[Records from a collection]
Content starts
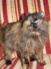 Назвала девочку Стася. Стасеньке 1,5-2 года, она миниатюрного размера, как котенок подросток...очень ласковая, ну ооочень... очень красивая, своей самобытной красотой...с пушистой, шелковистой, черепашьей шубкой и очень разговорчивая). Стася кушает как сушку так и натуралку, прекрасно пользуется лотком, обработана от паразитов, стерилизована.
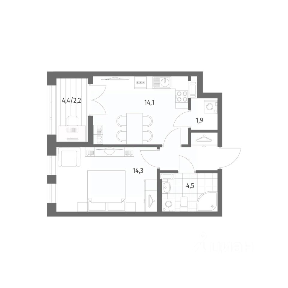 в NEWПИТЕР от компании ГК "ТРЕСТ". Площадь кухни 14.1 м². Жилой квартал расположен в пос. Новоселье. Прописка Ленинградская область.
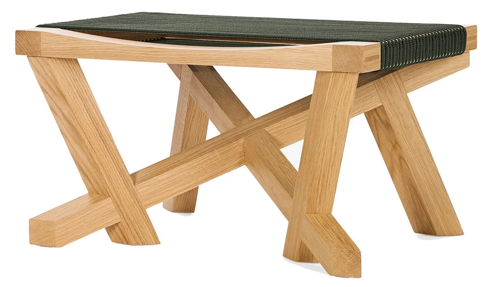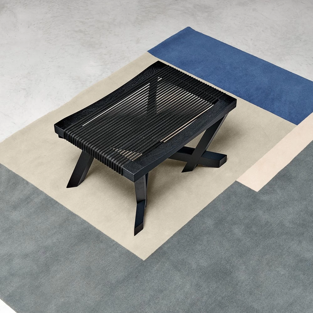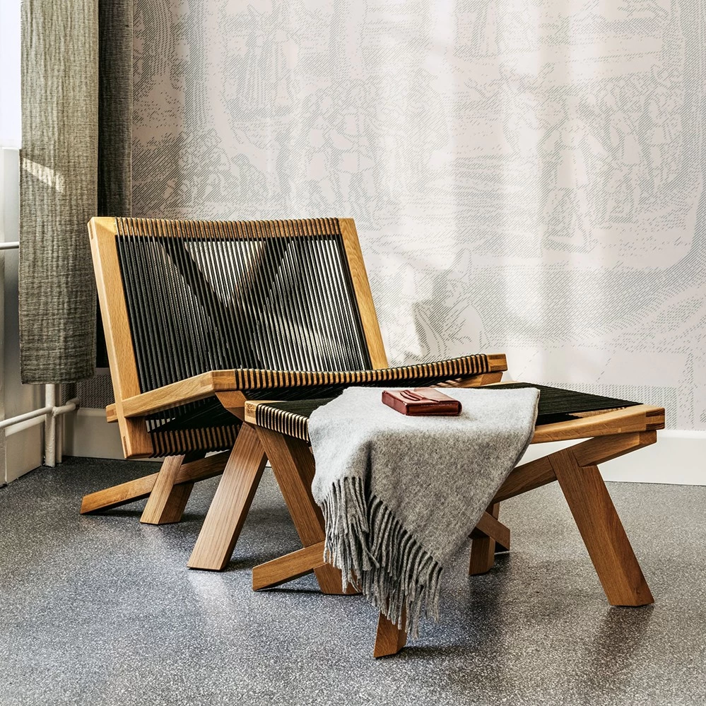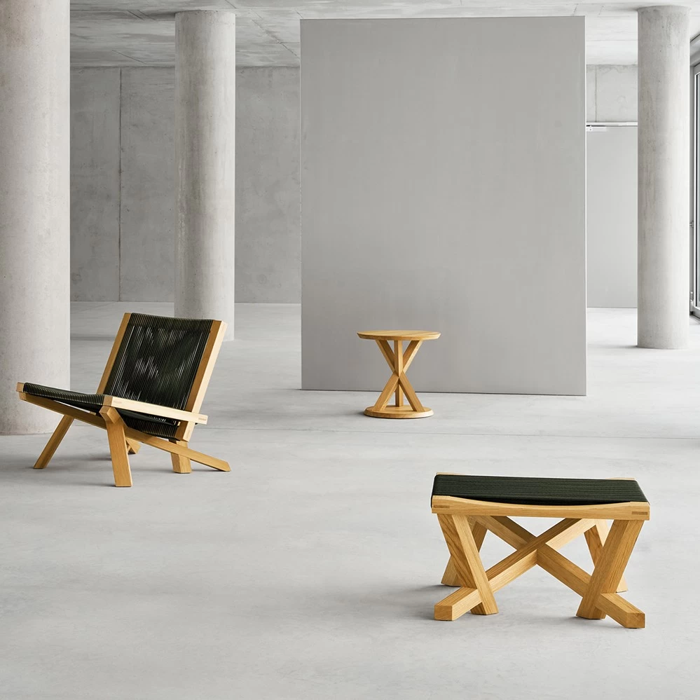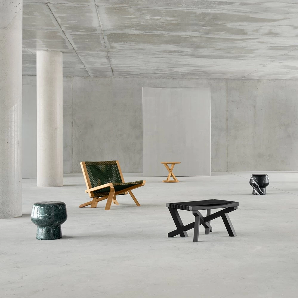 Ursprünglich für das Boutiquehotel Volkshaus in Basel entwarfen Herzog & de Meuron die gleichnamige Möbelserie, bestehend aus Hocker, Sessel und Beistelltisch. Inspiriert von traditionellen Holzverbindungen, verleiht das ausgeklügelte Konstruktionsprinzip den Möbeln ihren skulpturalen Charakter und architektonischen Ausdruck. 2024 legte ClassiCon die Möbel als Serie auf, wahlweise in der Ausführung Eiche natur oder schwarz gebeizt. Die naturfarbene Variante gibt es mit einer Bespannung in dunklem Salbeigrün; die schwarz gebeizte Variante mit schwarzer Bespannung. Auf Wunsch lässt sich der Volkshaus Stoolmit farblich abgestimmten losen Kissen aus Stoff oder Leder bestücken. Zum Einsatz kommen Lounge Chair und Stool überall dort, wo entspanntes Sitzen gewünscht ist – in privaten Wohnräumen genauso wie repräsentativen Wartebereichen, Lobbys oder Hotelzimmern.
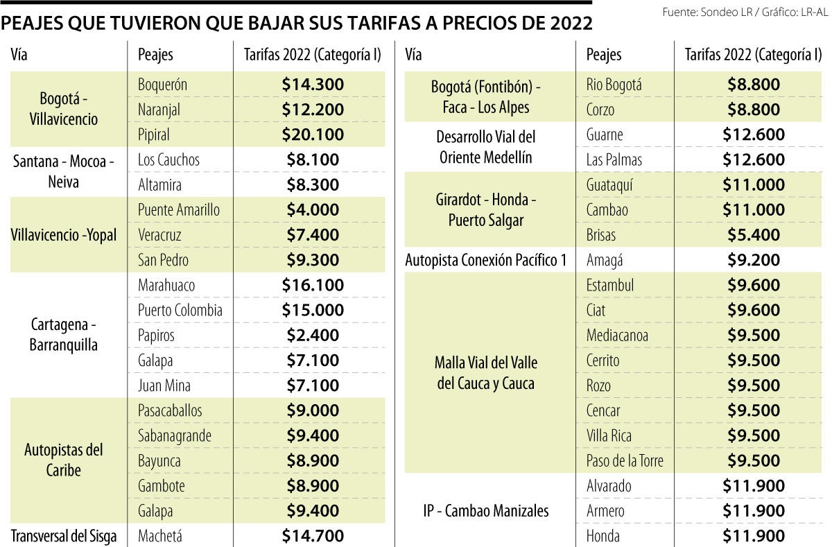 En total son 143 peajes nacionales que están a cargo del Instituto Nacional de Vías (Invias) y de la Agencia Nacional de Infraestructura (ANI), los que tendrán que mantener las tarifas del año pasado o podrían enfrentarse a sanciones de la Superintendencia de Transporte.
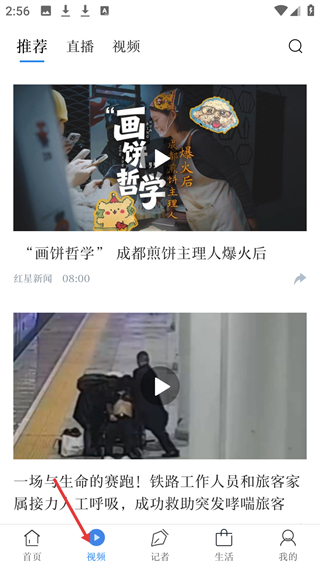 2、視頻板塊有推薦、直播等分類,展示畫餅哲學煎餅主理人、鐵路人員救助哮喘旅客等視頻,呈現社會熱點動態。
Content ends
Aim of the task |
Your task is to set down the records shown above exactly, minus any pictures.

Answer |
 Назвала девочку Стася. Стасеньке 1,5-2 года, она миниатюрного размера, как котенок подросток...очень ласковая, ну ооочень... очень красивая, своей самобытной красотой...с пушистой, шелковистой, черепашьей шубкой и очень разговорчивая). Стася кушает как сушку так и натуралку, прекрасно пользуется лотком, обработана от паразитов, стерилизована.
 в NEWПИТЕР от компании ГК "ТРЕСТ". Площадь кухни 14.1 м². Жилой квартал расположен в пос. Новоселье. Прописка Ленинградская область.
 Ursprünglich für das Boutiquehotel Volkshaus in Basel entwarfen Herzog & de Meuron die gleichnamige Möbelserie, bestehend aus Hocker, Sessel und Beistelltisch. Inspiriert von traditionellen Holzverbindungen, verleiht das ausgeklügelte Konstruktionsprinzip den Möbeln ihren skulpturalen Charakter und architektonischen Ausdruck. 2024 legte ClassiCon die Möbel als Serie auf, wahlweise in der Ausführung Eiche natur oder schwarz gebeizt. Die naturfarbene Variante gibt es mit einer Bespannung in dunklem Salbeigrün; die schwarz gebeizte Variante mit schwarzer Bespannung. Auf Wunsch lässt sich der Volkshaus Stoolmit farblich abgestimmten losen Kissen aus Stoff oder Leder bestücken. Zum Einsatz kommen Lounge Chair und Stool überall dort, wo entspanntes Sitzen gewünscht ist – in privaten Wohnräumen genauso wie repräsentativen Wartebereichen, Lobbys oder Hotelzimmern.
 En total son 143 peajes nacionales que están a cargo del Instituto Nacional de Vías (Invias) y de la Agencia Nacional de Infraestructura (ANI), los que tendrán que mantener las tarifas del año pasado o podrían enfrentarse a sanciones de la Superintendencia de Transporte.
 2、視頻板塊有推薦、直播等分類,展示畫餅哲學煎餅主理人、鐵路人員救助哮喘旅客等視頻,呈現社會熱點動態。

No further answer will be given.